I am trying to implement https://qiskit.org/textbook/ch-machine-learning/machine-learning-qiskit-pytorch.html#3.-Let's-code!- in IBMQ using a dataset present on my desktop.

While uploading a dataset in IBM Q,

train = pd.read_csv("C:/Users/akanm/OneDrive/Desktop/Dataset/train.csv")

when I check the current working directory with the help of command os.cwd, it shows:


How do I change the path to my desktop where the data file is present so that it does not give errors as:

No such file or directory Tried the commands Change Directory but still, the same error occurs.

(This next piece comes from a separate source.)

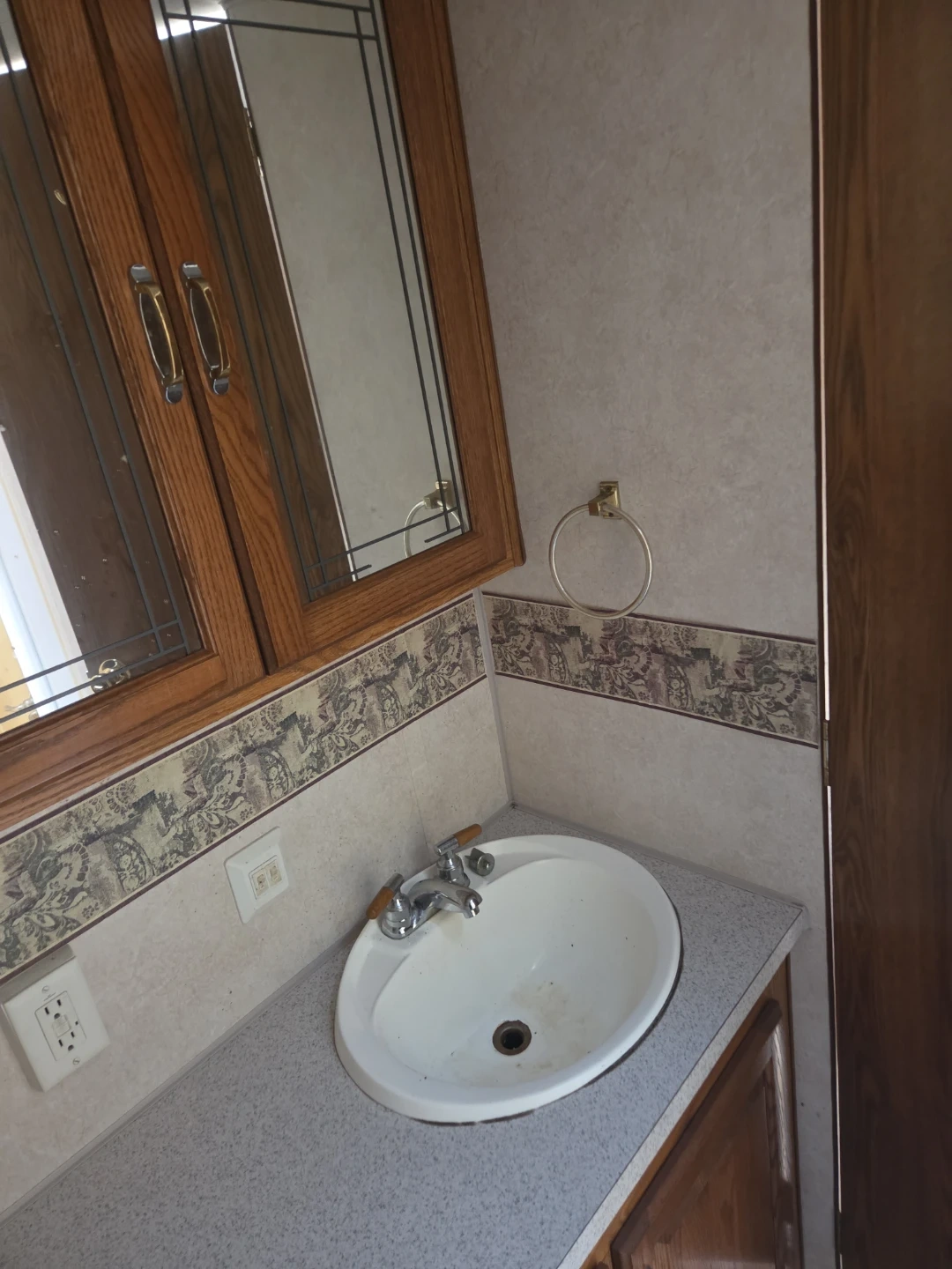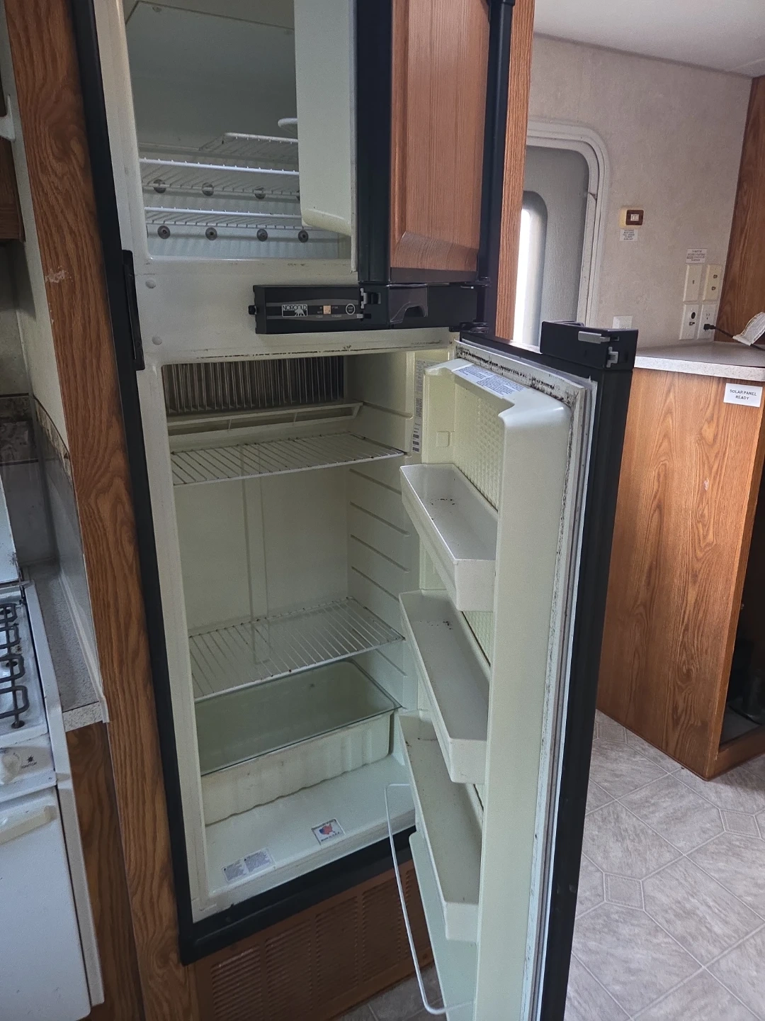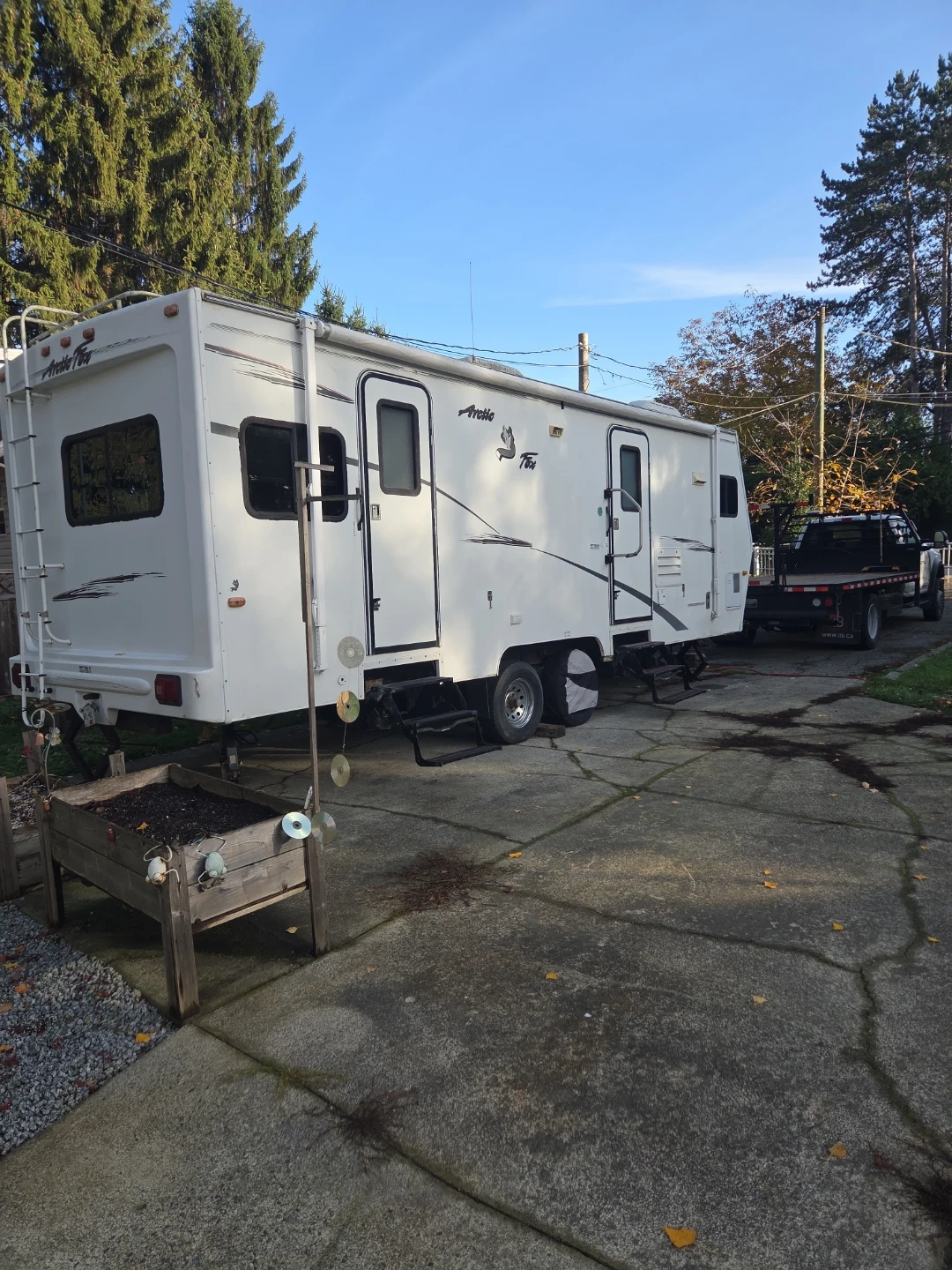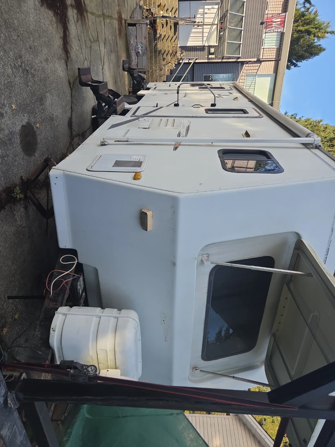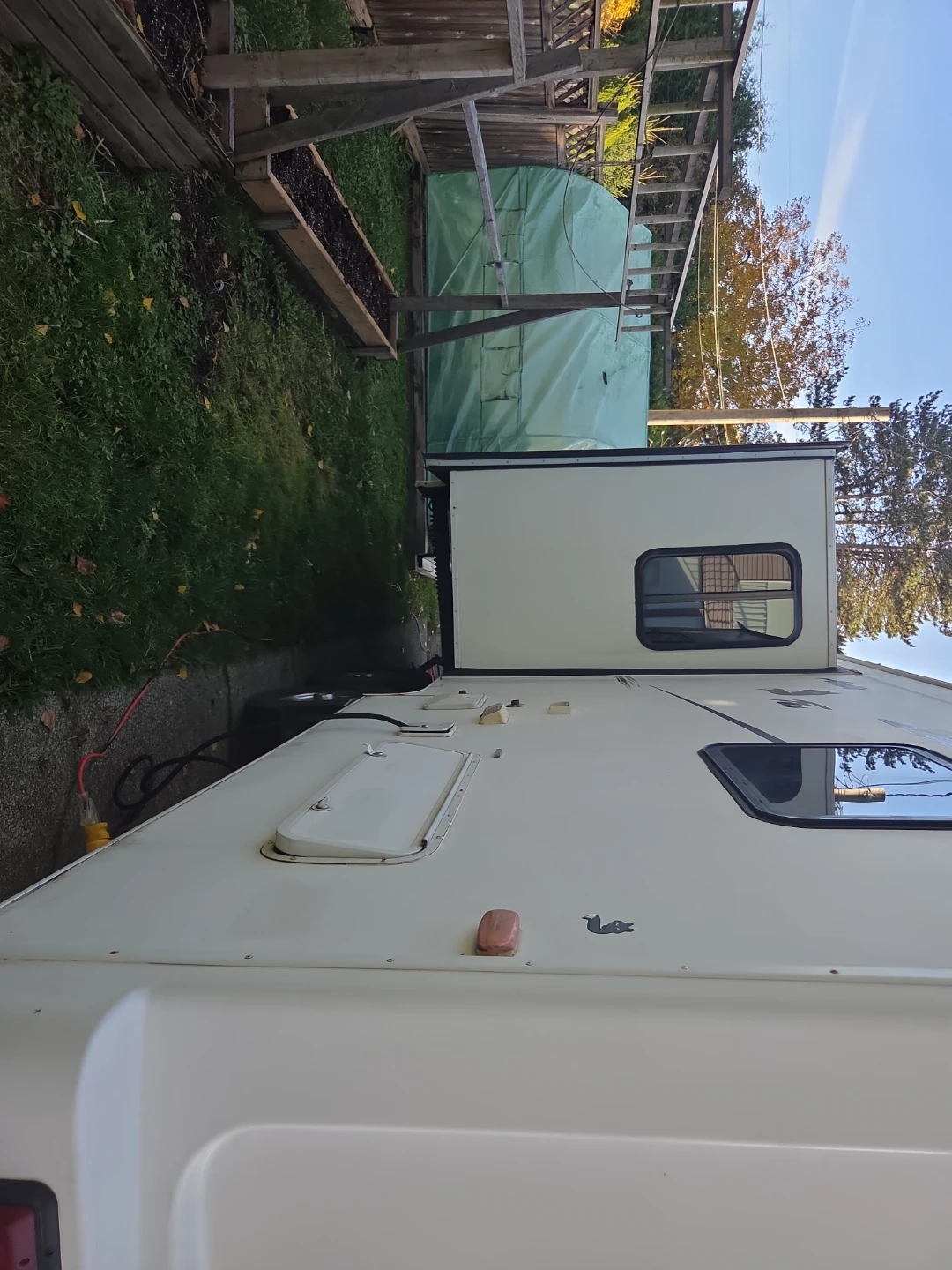 10Selling a used travel trailer. It has a cozy interior with wood cabinetry and patterned upholstery. The trailer includes a kitchen area with a sink and storage, a seating area, and a window for natural light. Great for camping trips!

  • $\begingroup$ Did you try to upload your file directly on the quantum lab and then upload it on your notebook via read_csv? $\endgroup$
    – Lena
    Jul 2 at 7:41
  • $\begingroup$ I tried to upload the file directly but due to large size it doesn't upload. So, I tried with read_csv. $\endgroup$
    – user14924
    Jul 2 at 7:44
  • $\begingroup$ Then why not work locally? I mean directly work with notebooks on your computer and not via the lab, because as said in the answer I'm not sure it is possible to do what you want... $\endgroup$
    – Lena
    Jul 2 at 7:55
  • $\begingroup$ Thanks for the help. Actually, I have implemented the program with my dataset in Jupyter notebook. But the accuracy is coming out to be low. So, I wanted whether running the code in jupyter nodebook(with qiskit simulator in backend) is similar to that in IBMQ. Or the quantum lab might increase the performance? $\endgroup$
    – user14924
    Jul 2 at 11:25
  • $\begingroup$ Kindly let me know if anyone has compared the two? $\endgroup$
    – user14924
    Jul 2 at 11:36

I don't think you can easily change the path to your desktop since IBMQ's jupyter notebook is running on IBM's server, not your computer.

Maybe you could consult this answer but I haven't tried it myself so I'm not sure if it works.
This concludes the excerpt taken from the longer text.